19 February 2011

Changing value of iterator in FOR loop: Yes, you can! (2023)

In the 16 February quiz, we asked: "Which of the following statements about the iterator (also referred to as the index) of a FOR loop are correct?" And we scored this choice as incorrect: "You can change the value of the iterator, but the new value must fall within the low and high values specified in the FOR loop header."

The explanation given was as follows:

Any attempt to change the value of the iterator will cause the following compilation error to be raised:
PLS-00363: expression 'INDX' cannot be used as an assignment target
One player wrote with the following observation:

Just saw the answers of 16-feb-2011 quiz. Though I got the answer correct for the choice "You can change the value or the iterator, but the new value must fall within the low and high values specified for the FOR loop header", after reading the explanation, I realize that I got it right for a different reason.

The answer "any attempt to change the value of the iterator will cause compilation error" is not fully correct. It correct for Numeric for_loop. But for Cursor for_loop, you are allowed to change the value of iterator:
SQL>l
  1  declare
  2  r dual%rowtype;
  3  begin
  4  r.dummy := 'Y';
  5  for iterator in (select * from dual)
  6  loop
  7  iterator := null; <-- changed
  8  iterator := r;     <-- changed
  9  end loop;
 10* end;
SQL>/

PL/SQL procedure successfully completed.
Thanks for pointing this out, Spoon! I feel that the scoring of this choice as incorrect is still valid, due to the second part of the sentence. It strongly imply a numeric FOR loop ("low and high values"). Even, however, if we could agree on a sensible meangin for "low" and "high" records, there are no restrictions on the values you can set in the record so that rule could be violated.

What does this all mean? I will not be rescoring, but I will change the text of the choice to make clear I am talking about a numeric FOR loop. And I will create a quiz to use in the future regarding the ability to change a record iterator in a cursor FOR loop.

Autonomous Transactions and Deadlocks (2024)

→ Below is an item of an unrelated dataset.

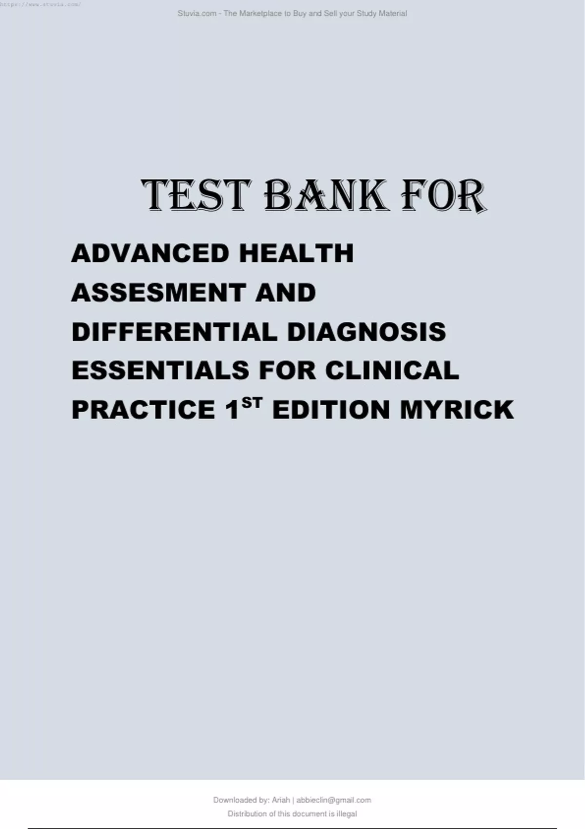 TEST BANK FOR ADVANCED HEALTH ASSESMENT AND DIFFERENTIAL DIAGNOSIS ESSENTIALS FOR CLINICAL PRACTICE 1ST EDITION MYRICK.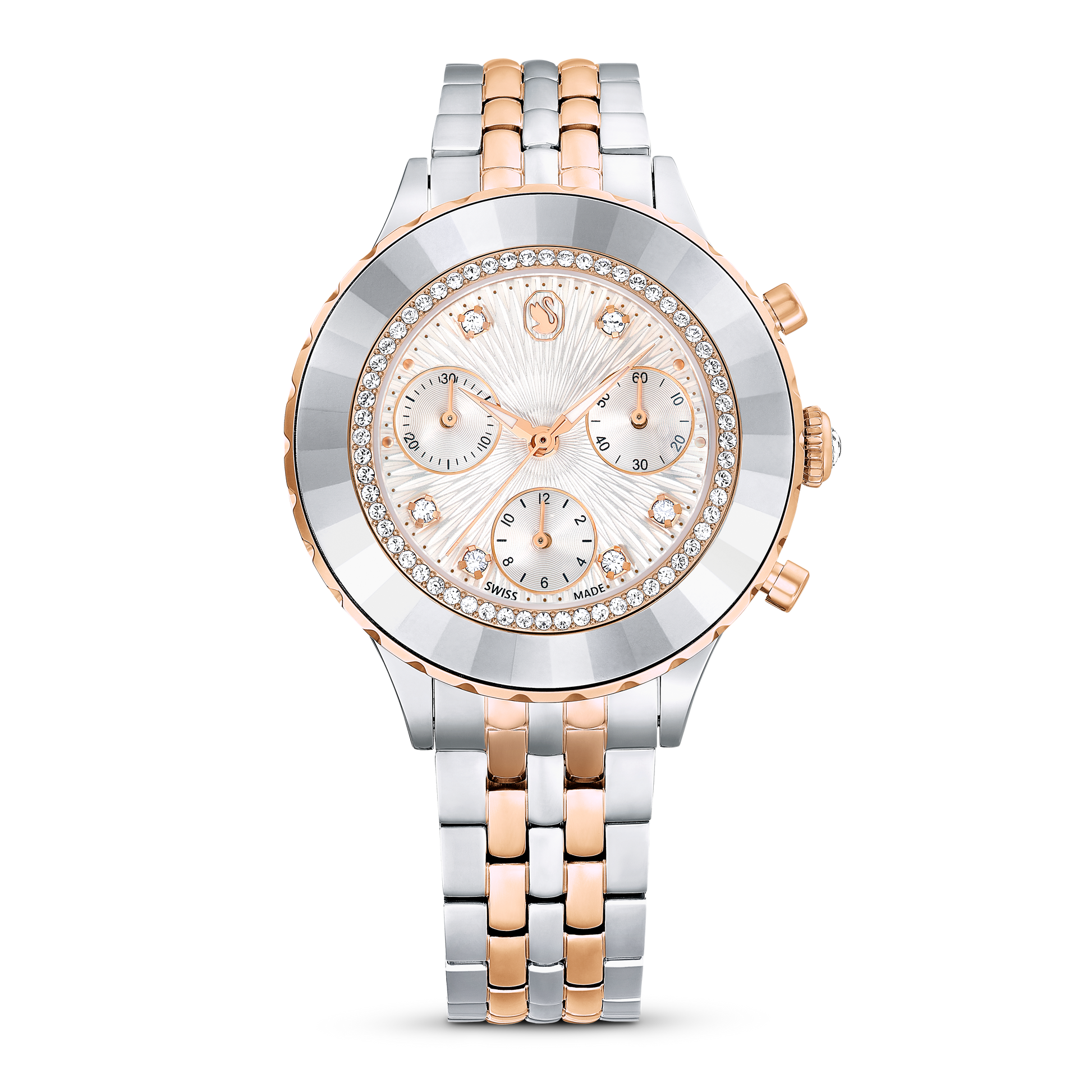 This dazzling chronograph watch delivers a perfect fusion of watchmaking expertise and Swarovski savoir-faire. The 37mm design is made with a mix of stainless steel and rose gold-tone finishing, and features a crystallized bezel, which is neatly faceted and accompanied by a circle of clear pavé. Beneath the mineral glass, the white guilloché dial features a swan logo at 12 o’clock, LumiNova coated hands, and three chronograph counters for separate measurements of hours, minutes, and seconds. There are also six clear crystals used for the indexes and a single crystal placed in the watch’s crown. This Swiss made watch is water resistant to 50m and is worn on a quick release bicolor bracelet.

A player wrote in response to the 17 February quiz:

You state that "The autonomous transaction blocks do not share locks with the "outer" session in which the first block was executed and locks were placed on rows". My question is then: why then does the dead lock occur? It must be exactly because the blocks DO share locks. Or what?? Could you elaborate more on, why the AUTONOMOUS_TRANSACTION declaration causes the deadlock yo occur. Wouldn't it be more precise if you said something like: The three blocks each have their own scope, and as such they do not block for each other (some argument with Oracle read consistency), and without autonomous transactions no deadlocks would occur, the AUTONOMOUS_TRANSACTIONs, causes the deadlocks to occur, (but why??). Also you should comment on the role of ROLLBACK in this quiz.

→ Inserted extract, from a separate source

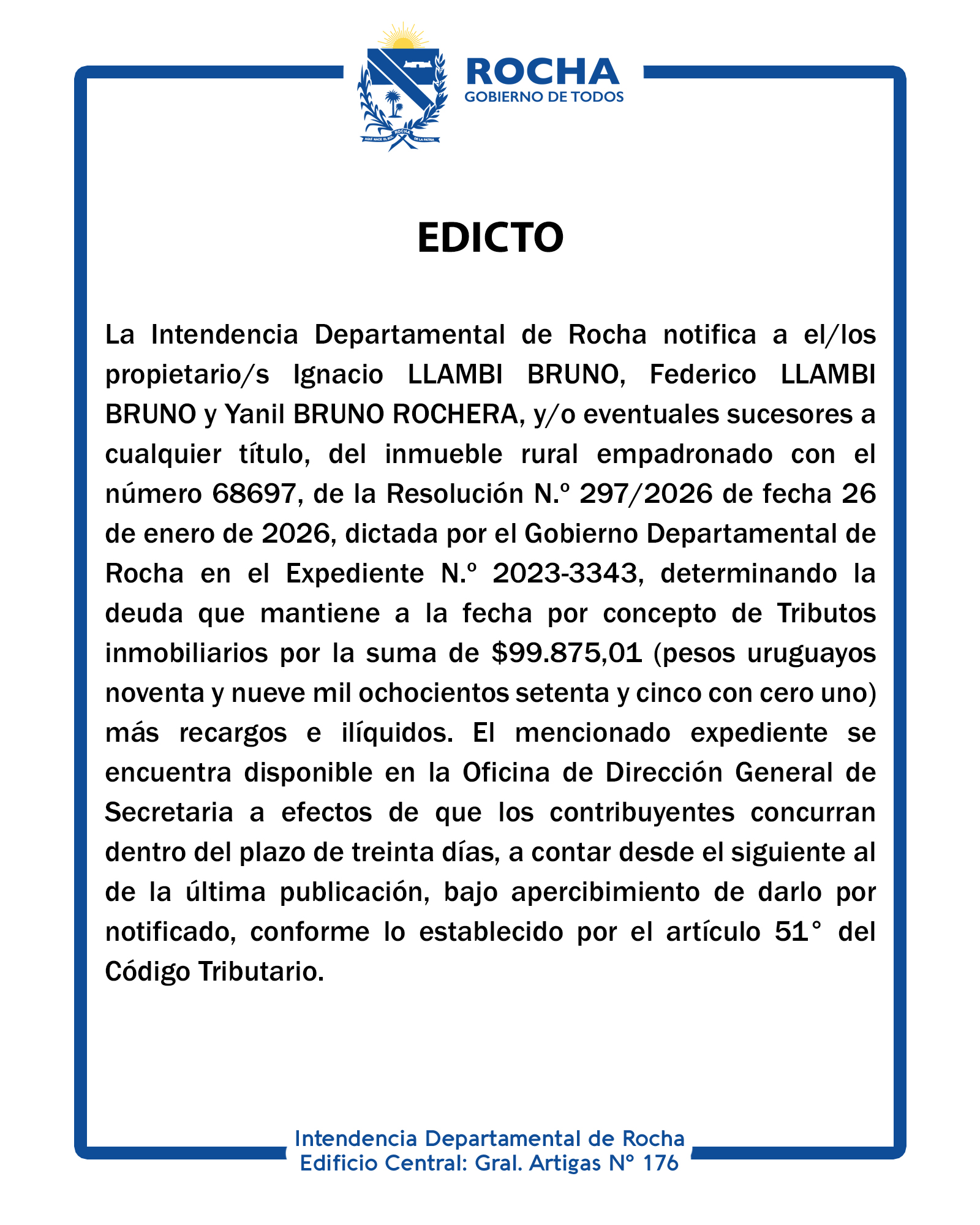 La Intendencia Departamental de Rocha notifica a el/los propietario/s Ignacio LLAMBI BRUNO, Federico LLAMBI BRUNO y Yanil BRUNO ROCHERA, y/o eventuales sucesores a cualquier título, del inmueble rural empadronado con el número 68697, de la Resolución N.º 297/2026 de fecha 26 de enero de 2026, dictada por el Gobierno Departamental de Rocha en el Expediente N.º 2023-3343, determinando la deuda que mantiene a la fecha por concepto de Tributos inmobiliarios por la suma de $99.875,01 (pesos uruguayos noventa y nueve mil ochocientos setenta y cinco con cero uno) más recargos e ilíquidos. El mencionado expediente se encuentra disponible en la Oficina de Dirección General de Secretaria a efectos de que los contribuyentes concurran dentro del plazo de treinta días, a contar desde el siguiente al de la última publicación, bajo apercibimiento de darlo por notificado, conforme lo establecido por el artículo 51° del Código Tributario.

The quiz presented a set of three blocks, to be executed in the specified order, in the same session, simplified as follows:
BEGIN
   ...DML statements...
END;
/

DECLARE
   PRAGMA AUTONOMOUS_TRANSACTION;
BEGIN   
  ...DML statements...
   ROLLBACK;
END;
/

DECLARE
   PRAGMA AUTONOMOUS_TRANSACTION;
BEGIN
  ...DML statements...
   ROLLBACK;
       
END;
/
The first block executes and in the process locks, say, two rows. Those uncommitted changes and the associated locks are a part of the schema's transaction.

The second and third blocks, however, use the AUTONOMOUS_TRANSACTION pragma to specify that these blocks are to be executed as autonomous transactions. As stated in the Oracle documentation:

"An autonomous transaction is an independent transaction that can be called from another transaction, called the main transaction. You can suspend the calling transaction, perform SQL operations and commit or undo them in the autonomous transaction, and then resume the calling transaction.

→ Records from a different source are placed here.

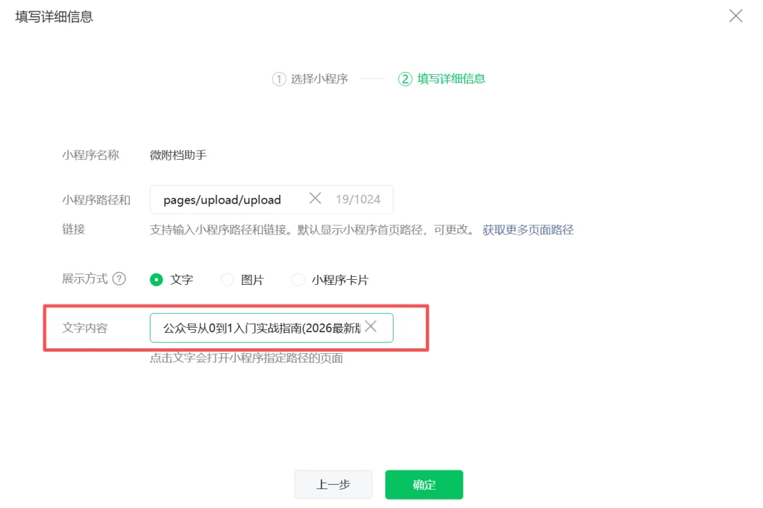 同样这边,我们也可以选择以图片或者小程序卡片的形式,这时候需要多上传一张封面图片,其余操作相同就不在演示。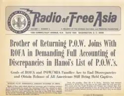 Radio of Free Asia, sometimes called Radio Free Asia, was an anti-Communist radio station created by the Korean Cultural and Freedom Foundation which broadcast from Seoul into North Korea, China, and Vietnam.[1][2][3] In a congressional hearing, General Coulter, then President of the Korean Cultural and Freedom Foundation, declared Radio of Free Asia the principal project of the foundation.[4] It operated from 1966 to early 1970s.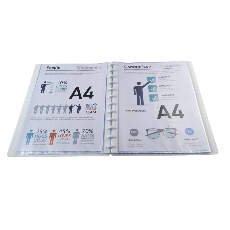 • Made from a semi-rigid opaque PP with white plastic spiral binding.

"Autonomous transactions are useful for actions that must be performed independently, regardless of whether the calling transaction commits or rolls back. For example, in a stock purchase transaction, you want to commit customer data regardless of whether the overall stock purchase goes through. Additionally, you want to log error messages to a debug table even if the overall transaction rolls back.

"Autonomous transactions have the following characteristics:
  • "The autonomous transaction does not see uncommitted changes made by the main transaction and does not share locks or resources with the main transaction.
  • "Changes in an autonomous transaction are visible to other transactions upon commit of the autonomous transactions. Thus, users can access the updated information without having to wait for the main transaction to commit."
To conclude: each block executed in a session has its own scope in terms of identifiers declared in that block. From the standpoint of a transaction, however, all blocks are part of the same "main" transaction of the session - unless you use the AUTONOMOUS_TRANSACTION pragma.

I hope this clarifies the intent and lesson of the quiz.